Fished Sat & Sun from about 6am - 8:30 am using jigs & shrimp, caught 10 Whiting & 3 undersized Pompano Sat; caught 5 small Pompano, 6 Whiting, a Bar Jack( I think) & a Cat Sun. Only my second trip on the surf, had fun!


----------



## fishin for pompanos (May 10, 2012)

Congrats on your catch...Thanks for the report.


----------



## Surf Dreaming (Jul 11, 2014)

Congrats! Taking my first trip soon...hope to have a good catch like yours!
Are whiting table food?


----------



## ThaFish (Feb 27, 2013)

Surf Dreaming said:


> Congrats!
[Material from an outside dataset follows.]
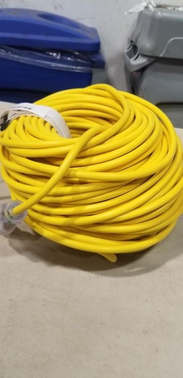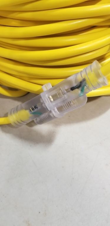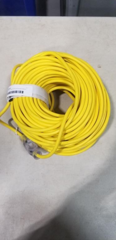 AS NEW 200FT INDOOR OUTDOOR HEAVY DUTY LIGHTED 3 WIRE EXTENSION CORD, 16 AWG, YELLOW
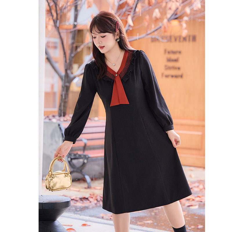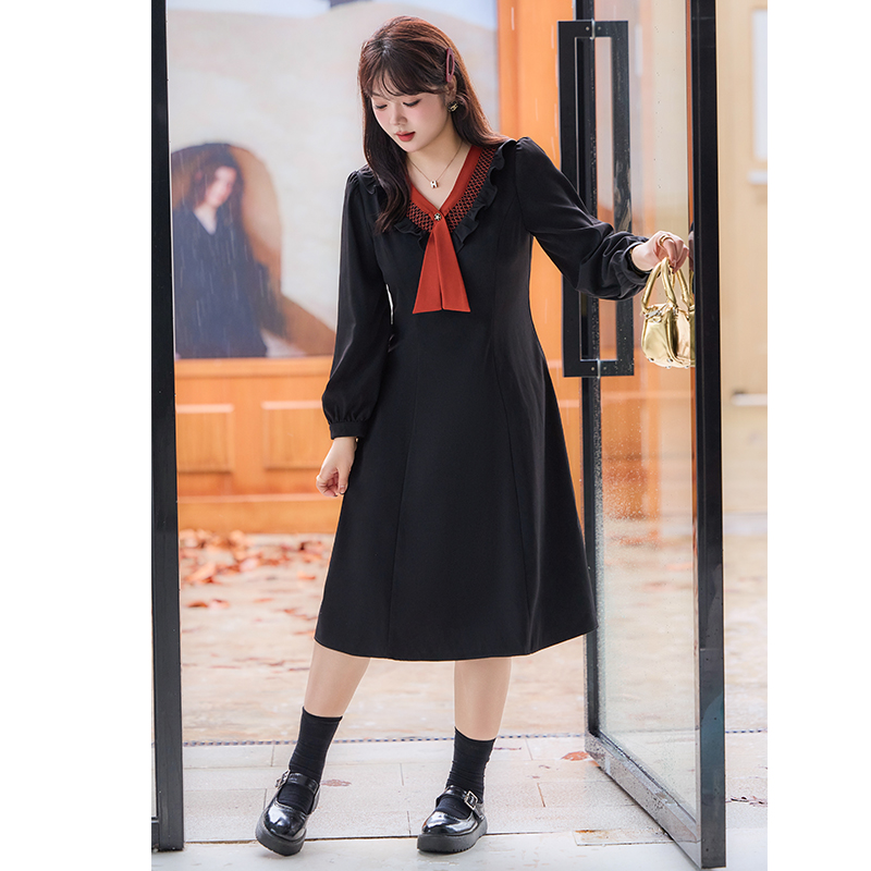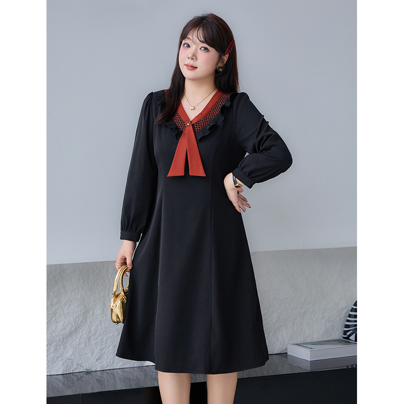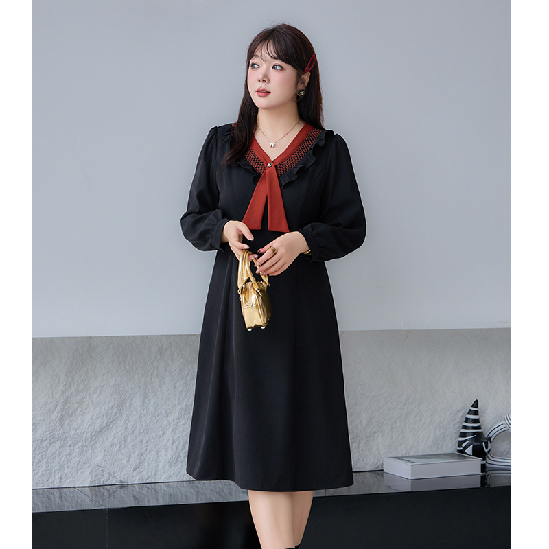 系带蝴蝶结假两件连衣裙女春秋大码 高级感气质收腰中长裙 胖mm法式

Taking my first trip soon...hope to have a good catch like yours!
> Are whiting table food?


Yes, whiting are excellent tablefare!


----------



## Trucki-n-ihsiF (Mar 23, 2008)

ThaFish said:


> Yes, whiting are excellent tablefare!


I agree with the kid,whitting is some pretty good eats!!!


----------



## Bravo87 (Jun 19, 2014)

That's a good couple of hours!


----------



## tmilanese (Apr 28, 2013)

Michael f sights said:


> Fished Sat & Sun from about 6am - 8:30 am using jigs & shrimp, caught 10 Whiting & 3 undersized Pompano Sat; caught 5 small Pompano, 6 Whiting, a Bar Jack( I think) & a Cat Sun. Only my second trip on the surf, had fun!


What type of jigs?


----------



## Michael f sights (Jun 19, 2012)

The jig was a 1/2oz, pink w/orange tail custom from Halfhitch.


----------